Published in final edited form as: Brain. 2009 Dec;132(Pt 12):e133; author reply e134. doi: 10.1093/brain/awp253

Posterior cingulate hypometabolism in early Alzheimer's disease: what is the contribution of local atrophy versus disconnection?

Gaël Chételat 1,*, Nicolas Villain 1, Béatrice Desgranges 1, Francis Eustache 1, Jean-Claude Baron 2
PMCID: PMC3021534  PMID: 19858081

Sir, Garden et al. (2009) reported an important experimental study highlighting a potential mechanism for neuronal dysfunction distant from the site of damage, specifically a loss of synaptic plasticity in the retrosplenial/posterior cingulate cortex (PCC) after anterior thalamic lesion in the rat.
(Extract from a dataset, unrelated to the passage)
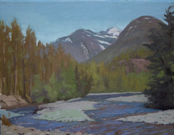 This was the second painting of the day. Lately I have been doing a painting in the morning and a painting in the afternoon. Sometimes with the afternoon painting I am already warmed up in terms of being able to see my colors so I was looking forward to getting set up and seeing what I could come up with. Each new painting is a challenge with no certain outcome. Though with practice I hope to create the ability to complete more paintings successfully. This was a new spot for me. It was quite a cool experience as I walked through the trees out onto the expansive river bed. I wondered if I might see a bear today. There was a slight breeze sweeping across the rocks which prompted to me to make sure my canvas was well secure into my easel. It was the hottest day yet this spring! I made sure to have a proper hat this time to avoid another sunburn which I had gotten a few days previous.

In the discussion section of their article, they make the assumption that this phenomenon plays a role in the early episodic memory impairment characterizing Alzheimer’s disease: the PCC would be disconnected from the anterior thalamic nucleus - affected by early neuronal/synaptic loss - through disruption of the cingulum bundle. This would in turn lead to PCC hypometabolism, which occurs very early in Alzheimer’s disease and already at the stage of amnestic mild cognitive impairment (Minoshima et al., 1997, Chételat et al., 2003a, b). The study by Garden et al. (2009) is therefore important for the understanding of the pathophysiology of the memory impairment that characterizes early Alzheimer’s disease as the proposed underlying synaptic mechanism could be amenable to specific pharmacological modulation.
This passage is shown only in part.